Sahel vert, un éléphant blanc ?

La toute première riposte de l’État à l’avancée du désert, c’était dans les années 70. Elle prévoyait de replanter 100 000 hectares de forêt, et cela concernait 126 parcelles. La crise économique de 1987 à 1994 a compromis cette opération. Le conflit frontalier avec le Nigeria, le harcèlement par le groupe armé Boko Haram depuis 2011, un conflit séparatiste dans les provinces anglophones du Nord-Ouest et du Sud-Ouest, et des incursions de bandes armées centrafricaines à l’est du pays ont ajouté un grain de sable supplémentaire dans le mécanisme, retardant toute avancée significative.

La sylviculture pour remplacer Sahel vert. 

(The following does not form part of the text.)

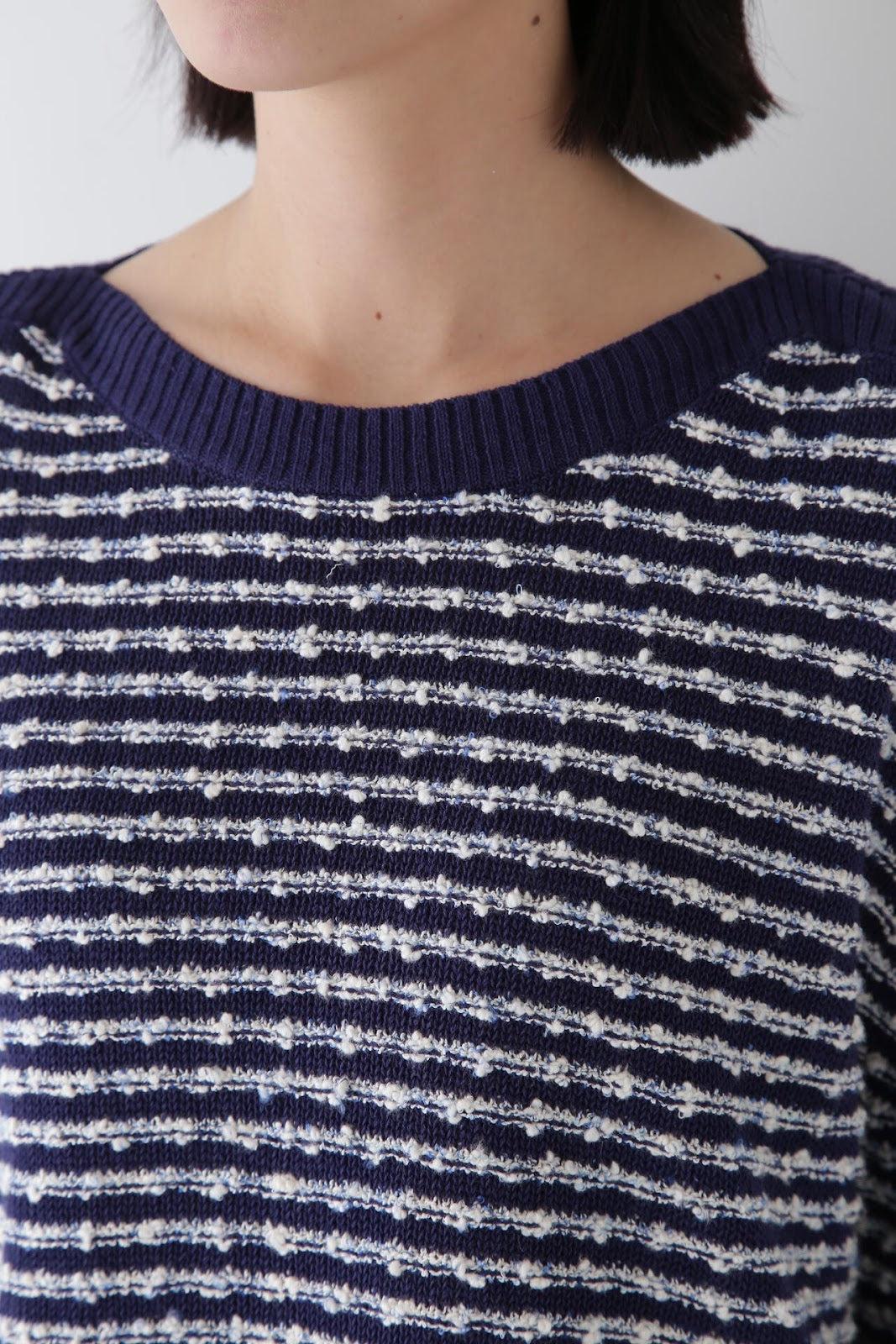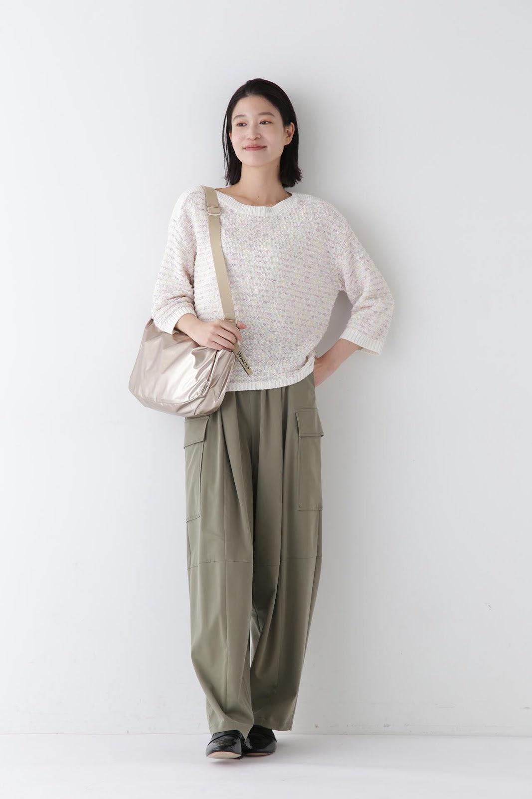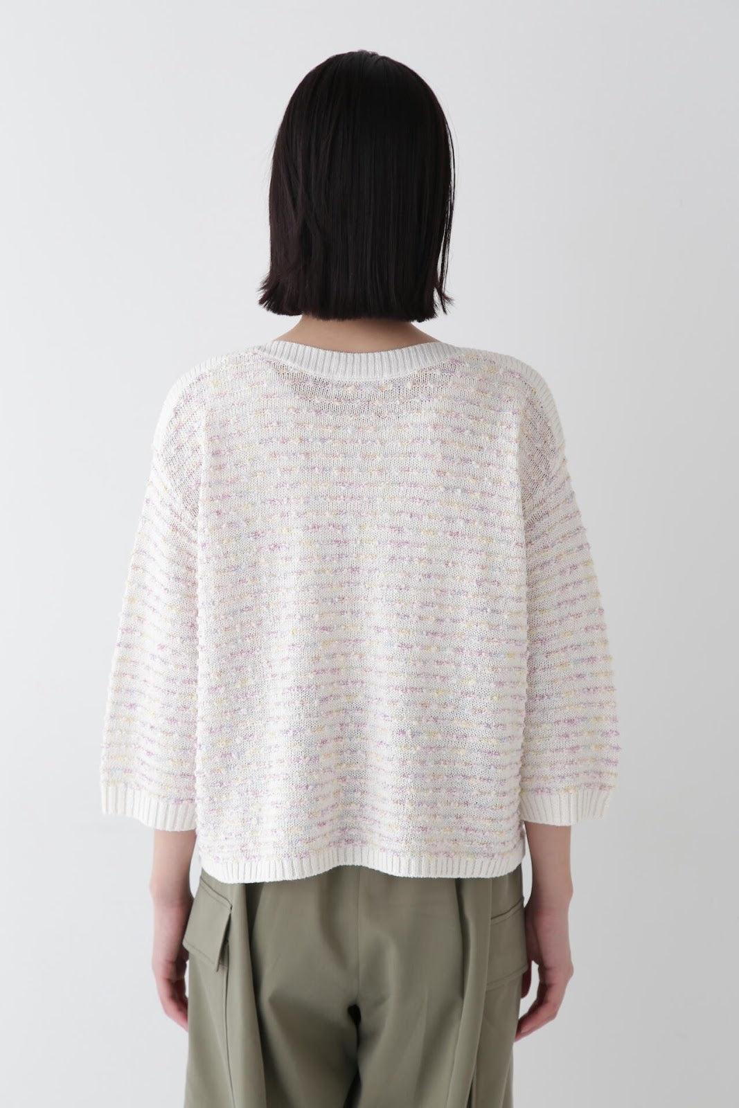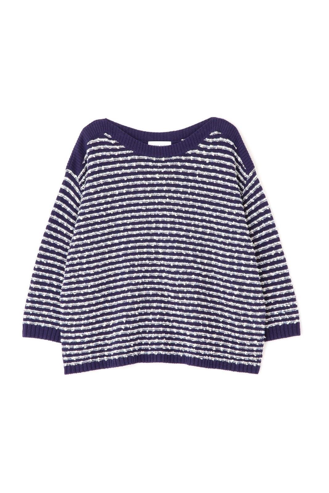 船領套頭衫,充滿趣味的多色外觀 [設計要點] 船領套頭衫由混合紗線和直筒紗線編織而成,採用鉤織圖案,呈現出鑲邊的外觀。它的編織也很寬鬆,具有輕盈的效果。色彩搭配也是一種有趣的方式。由於針織面料的特性,衣服的長度在穿著時會拉伸 5 厘米。柔軟的質地是面料的一大特色。在基本色系的基礎上,搭配其他顏色的紗線,完成了俏皮的搭配。推薦座標] 單穿也很好看的針織上衣。方形輪廓易於平衡,可與多種下裝搭配。

L’État du Cameroun a lancé en 2020 un programme, baptisé Sylviculture de seconde génération, pour lutter contre les avancées du désert, boiser les zones arides, reboiser les forêts dégradées et fournir du bois de plantation à l’exportation.

 

Reboiser 12 millions d’hectares de forêt est l’objectif que le gouvernement camerounais s’est assigné à l’horizon 2045. Les espaces concernés sont à la fois des zones écologiques dites fragiles comme les steppes et aires désertiques du nord du pays, les forêts dégradées du centre et du sud Cameroun, ainsi que les unités forestières aménagées à l’est. Le programme mis en place pour conduire cette vaste opération est baptisé Sylviculture de seconde génération. Il consiste à créer pièce après pièce des forêts artificielles de neems, acacias ou anacardes, les variétés choisies étant fonction des zones écologiques à reconstituer. 

Au-delà des problématiques planétaires du réchauffement climatique, la reconstitution de ce couvert végétal endommagé devrait aider à remettre sur pied les bassins versants pour la retenue des eaux d’irrigation. L’autre avantage espéré est celui de villes plus vertes, puisque 2 000 hectares de forêt urbaine doivent être plantés. Enfin, une cadence soutenue de 4 000 ha de replantation en forêt dégradée devrait suffire à rattraper les dégâts engendrés par la coupe sauvage de bois d’exportation. 

Certaines propositions de financement de la campagne nationale de reboisement, qui devrait coûter près de 100 millions d’euros sur 25 ans, sont déjà assorties d’une condition : vendre du bois écologiquement « propre », c’est-à-dire issu de forêts artificielles.